3 tablespoons vegetable shortening, melted and cooled
1 recipe lemon filling, below
Preheat the oven to 350 degrees Fahrenheit. Coat an 8-inch round cake pan with cooking spray, or grease it and dust it with flour. Place a parchment paper round in the bottom of the pan.
Crack the eggs into a doubler boiler or heatproof bowl and whisk them thoroughly. Add the sugar and lemon zest. Set the double boiler over a pot of boiling water and whisk the ingredients until the mixture is warm, 3 to 5 minutes. Take the double boiler off the heat and continue beating the mixture with a whisk or electric mixer until it stiffens and cools, a further 5 to 10 minutes.
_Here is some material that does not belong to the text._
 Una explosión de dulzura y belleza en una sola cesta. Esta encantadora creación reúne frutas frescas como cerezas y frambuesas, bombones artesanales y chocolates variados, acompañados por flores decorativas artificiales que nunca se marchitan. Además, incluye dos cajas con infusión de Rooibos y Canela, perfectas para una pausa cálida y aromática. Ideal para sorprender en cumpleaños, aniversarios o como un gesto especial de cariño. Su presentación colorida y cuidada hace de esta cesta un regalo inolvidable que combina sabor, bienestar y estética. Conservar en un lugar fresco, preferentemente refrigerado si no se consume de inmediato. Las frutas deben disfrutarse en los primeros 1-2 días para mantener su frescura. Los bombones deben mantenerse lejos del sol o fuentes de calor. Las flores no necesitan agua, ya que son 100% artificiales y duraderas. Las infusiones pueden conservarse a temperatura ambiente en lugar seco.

In a separate bowl, sift the flour with the baking powder and salt. Gradually beat the dry ingredients into the wet mixture.
Add the vegetable shortening to the batter and stir gently with a spatula until fully incorporated.
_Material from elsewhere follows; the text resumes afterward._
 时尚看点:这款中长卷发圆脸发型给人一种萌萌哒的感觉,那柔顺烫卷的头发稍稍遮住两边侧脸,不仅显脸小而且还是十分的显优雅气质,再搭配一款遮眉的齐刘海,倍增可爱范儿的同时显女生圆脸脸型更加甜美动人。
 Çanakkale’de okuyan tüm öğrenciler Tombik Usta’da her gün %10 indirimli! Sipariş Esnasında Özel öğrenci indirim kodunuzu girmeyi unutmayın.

Place the batter into the prepared cake pan and bake the cake for 20 to 25 minutes or until it passes the toothpick test.
Let the cake cool completely before filling it.
Lemon Filling Recipe
4 egg yolks
1 egg white
1/4 cup vegetable shortening
Juice and zest of 2 lemons
3/4 cup sugar
1/4 teaspoon salt
Place the egg yolks and egg white in a double boiler or heatproof bowl. Beat them with a whisk and set the mixture over a pot of simmering water.
Add the shortening, lemon juice, lemon zest, sugar, and salt to the beaten eggs. Whisk the mixture constantly until it is warm and thickened and the sugar has dissolved completely, about 5 to 10 minutes. Remove the mixture from the heat.
Pour the filling into a bowl and top it with a layer of plastic wrap to prevent it from developing a skin.
Chill the filling for at least 4 hours or overnight.
When ready to use, slice the cake in half horizontally and distribute the lemon filling in the middle. Top the cake with powdered sugar, whipped cream, or your favorite frosting.